(Extracted records)
*****

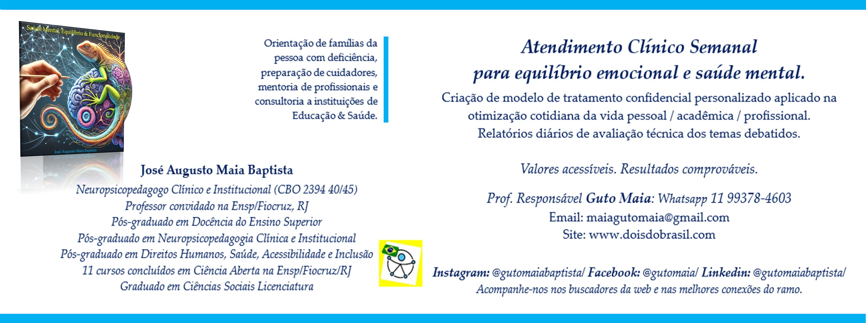 DESCRIÇÃO DA IMAGEM ACIMA: banner horizontal, em tira, com barras azul-claro na parte superior e na parte inferior, com logomarca redonda no alto, à esquerda, na mesma altura , mais ao cento, com alinhamento à direita, as palavras: “Orientação de famílias da”, (na linha abaixo): “pessoa com eficiência”, (na linha abaixo): “preparação de curadores”, (na linha abaixo): “mentoria de profissionais e”, (na linha abaixo): “consultoria a instituições de “Educação & Saúde”. Mais abaixo, o nome: “José Augusto Maia Baptista”, (na linha abaixo): “Neuropsicopedagogo Clínico e Institucional (CBO2394 40/45)”, (na linha abaixo): “Professor convidado na Ensp/Fiocruz, RJ”, “Pós-graduado em Docência do Ensino Superior”, (na linha abaixo): Pós-graduado em Neuropsicopedagogia Clínica e Institucional”, (na linha abaixo): “Pós-graduado em Direitos Humanos, Saúde, Acessibilidade e Inclusão”, (na linha abaixo): “11 cursos concluídos em Ciência Aberta, na Ensp/Fiocruz/RJ”; “Graduado em Ciências Sociais Licenciatura”. Na parte central inferior do banner, a logomarca quadrada do símbolo universal da deficiência, um círculo do Homem Vitruviano, de Da Vinci, reproduzido em desenho bastão infantil, com cabeça azul-claro, segurando uma bandeira do Brasil. O círculo está dentro e um quadrado branco, deslocado diagonalmente, dentro de outro quadrado maior de fundo amarelo. No lado superior direito, o texto: “Atendimento Clínico Semanal”, (na linha abaixo): para equilíbrio emocional e mental.”, (na linha abaixo): “Criação de modelo personalizado aplicado na otimização cotidiana”, (na linha abaixo): da vida pessoal/acadêmico/profissional.”, (na linha abaixo): “Relatório diário de avaliação técnica dos temas debatidos.”, (na linha abaixo): “Valores acessíveis. Resultados comprováveis.”, (na linha abaixo): “Prof. Responsável: Guto Maia: whatsapp 11 9937-4603”, (na linha abaixo): “Email: maiagutomaia@gmail.com”, (na linha abaixo): “Site: www.doisdbrasil.com”, (na linha abaixo): “Instagram: @gutomaiabaptista/ Facebook: @gutomaia/ Linkedin: @gurtomaiabaptista/”, (na linha abaixo): “Acompanhe-nos nos buscadores da web e nas melhores conexões do ramo.
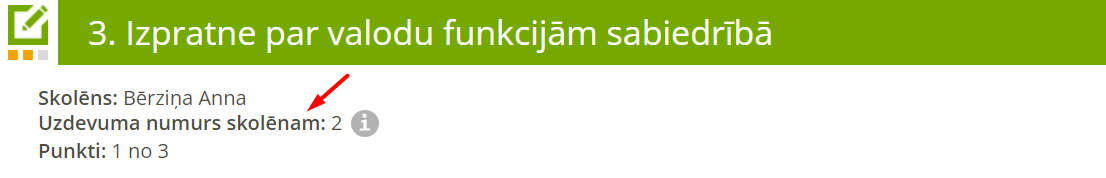 Pārbaudes darba rezultātu lapā uzdevumi tiks parādīti skolotāja norādītajā secībā. Ja darbam ir iespējota uzdevumu secības jaukšana, apskatot skolēna iesniegto atbildi, skolotājs redzēs, kādā pozīcijā konkrētais uzdevums bija redzams skolēnam.
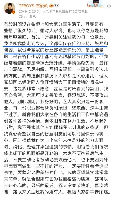 王俊凯发文感恩粉丝支持,行动诠释真诚
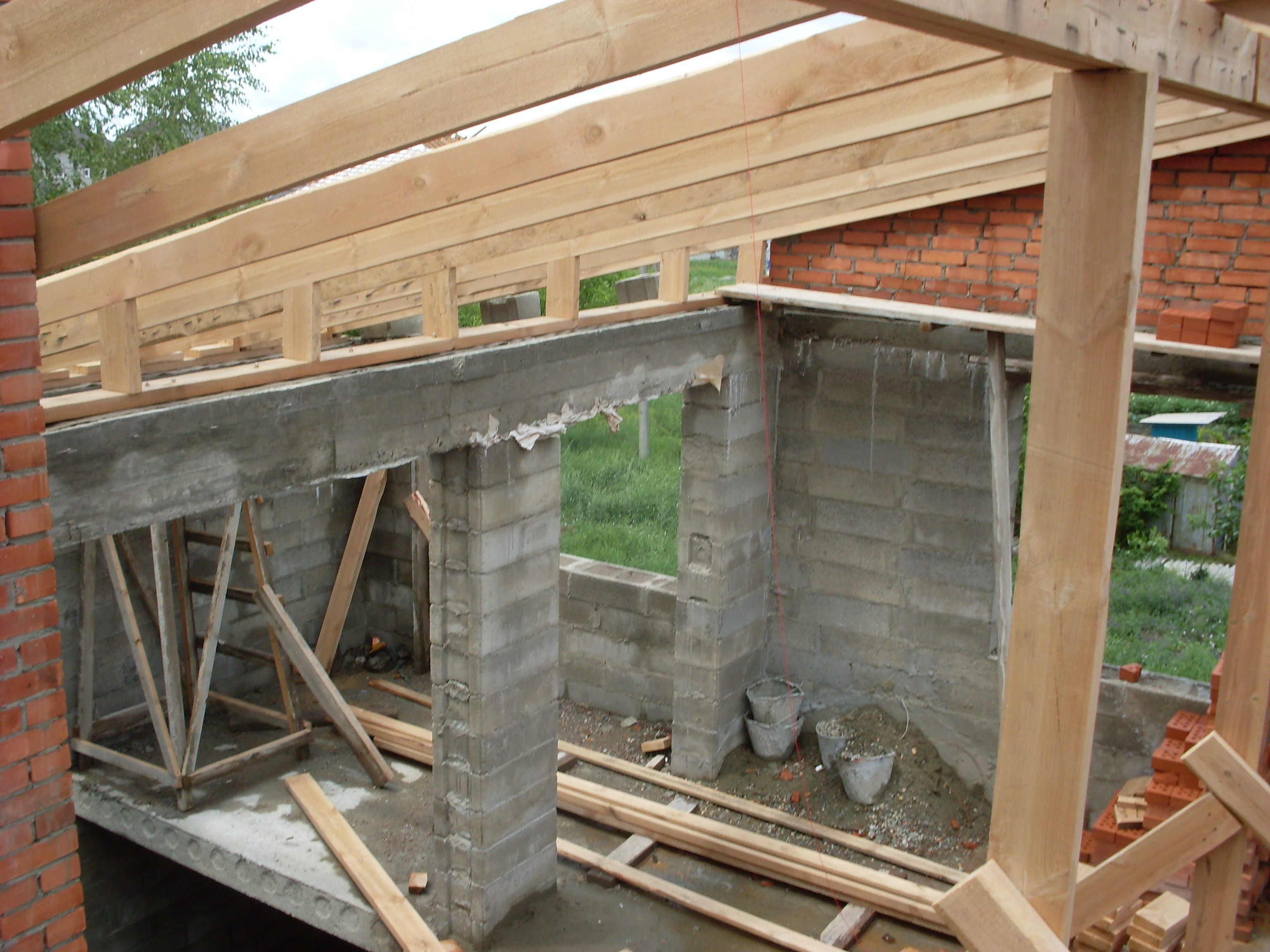 Замечания: дрова без антисептика (местами наблюдается грибок), отсутствуют затяжки под коньковым прогоном, накладки нужны над коньковым прогоном с одной стороны строп.ног, нужны подкосы в вашем случае одинарных ног, т.к. ширина пролета с учетом оч.малого уклона ската кровли на одном из фото довольно большая может быть образован прогиб и т.д. Вообще сразу видно, чтобы собирали ее "беглые рабы".
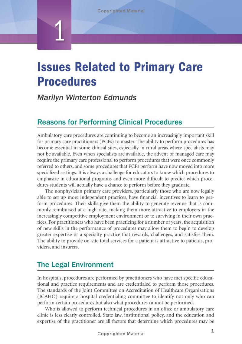 - An introductory chapter covers legal, educational, and reimbursement factors related to performing common office procedures.
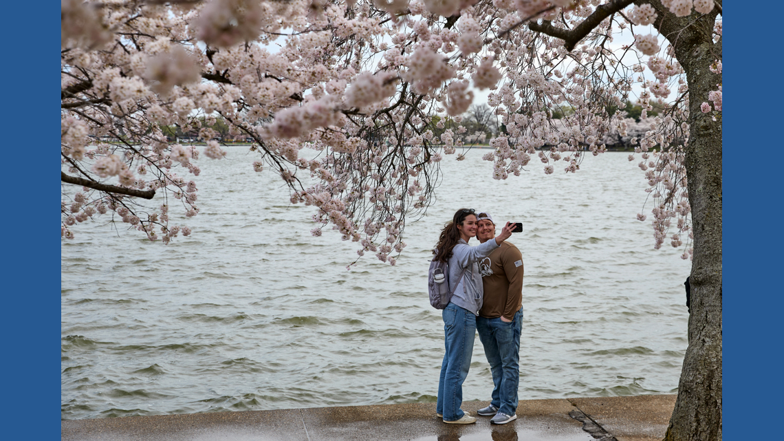 WUSA9 will have live coverage from the Tidal Basin all day Thursday as we approach peak bloom. Say hello to Lesli Foster, Lorenzo Hall, and Kaitlyn McGrath. If you have the WUSA9 app downloaded on your phone, you can get a free pair of WUSA9 sunglasses from our team on-site.

*****

## AIM OF THE TASK
Write out the records word for word. Pictures stay out.

## RESPONSE TO THIS TASK
 DESCRIÇÃO DA IMAGEM ACIMA: banner horizontal, em tira, com barras azul-claro na parte superior e na parte inferior, com logomarca redonda no alto, à esquerda, na mesma altura , mais ao cento, com alinhamento à direita, as palavras: “Orientação de famílias da”, (na linha abaixo): “pessoa com eficiência”, (na linha abaixo): “preparação de curadores”, (na linha abaixo): “mentoria de profissionais e”, (na linha abaixo): “consultoria a instituições de “Educação & Saúde”. Mais abaixo, o nome: “José Augusto Maia Baptista”, (na linha abaixo): “Neuropsicopedagogo Clínico e Institucional (CBO2394 40/45)”, (na linha abaixo): “Professor convidado na Ensp/Fiocruz, RJ”, “Pós-graduado em Docência do Ensino Superior”, (na linha abaixo): Pós-graduado em Neuropsicopedagogia Clínica e Institucional”, (na linha abaixo): “Pós-graduado em Direitos Humanos, Saúde, Acessibilidade e Inclusão”, (na linha abaixo): “11 cursos concluídos em Ciência Aberta, na Ensp/Fiocruz/RJ”; “Graduado em Ciências Sociais Licenciatura”. Na parte central inferior do banner, a logomarca quadrada do símbolo universal da deficiência, um círculo do Homem Vitruviano, de Da Vinci, reproduzido em desenho bastão infantil, com cabeça azul-claro, segurando uma bandeira do Brasil. O círculo está dentro e um quadrado branco, deslocado diagonalmente, dentro de outro quadrado maior de fundo amarelo. No lado superior direito, o texto: “Atendimento Clínico Semanal”, (na linha abaixo): para equilíbrio emocional e mental.”, (na linha abaixo): “Criação de modelo personalizado aplicado na otimização cotidiana”, (na linha abaixo): da vida pessoal/acadêmico/profissional.”, (na linha abaixo): “Relatório diário de avaliação técnica dos temas debatidos.”, (na linha abaixo): “Valores acessíveis. Resultados comprováveis.”, (na linha abaixo): “Prof. Responsável: Guto Maia: whatsapp 11 9937-4603”, (na linha abaixo): “Email: maiagutomaia@gmail.com”, (na linha abaixo): “Site: www.doisdbrasil.com”, (na linha abaixo): “Instagram: @gutomaiabaptista/ Facebook: @gutomaia/ Linkedin: @gurtomaiabaptista/”, (na linha abaixo): “Acompanhe-nos nos buscadores da web e nas melhores conexões do ramo.
 Pārbaudes darba rezultātu lapā uzdevumi tiks parādīti skolotāja norādītajā secībā. Ja darbam ir iespējota uzdevumu secības jaukšana, apskatot skolēna iesniegto atbildi, skolotājs redzēs, kādā pozīcijā konkrētais uzdevums bija redzams skolēnam.
 王俊凯发文感恩粉丝支持,行动诠释真诚
 Замечания: дрова без антисептика (местами наблюдается грибок), отсутствуют затяжки под коньковым прогоном, накладки нужны над коньковым прогоном с одной стороны строп.ног, нужны подкосы в вашем случае одинарных ног, т.к. ширина пролета с учетом оч.малого уклона ската кровли на одном из фото довольно большая может быть образован прогиб и т.д. Вообще сразу видно, чтобы собирали ее "беглые рабы".
 - An introductory chapter covers legal, educational, and reimbursement factors related to performing common office procedures.
 WUSA9 will have live coverage from the Tidal Basin all day Thursday as we approach peak bloom. Say hello to Lesli Foster, Lorenzo Hall, and Kaitlyn McGrath. If you have the WUSA9 app downloaded on your phone, you can get a free pair of WUSA9 sunglasses from our team on-site.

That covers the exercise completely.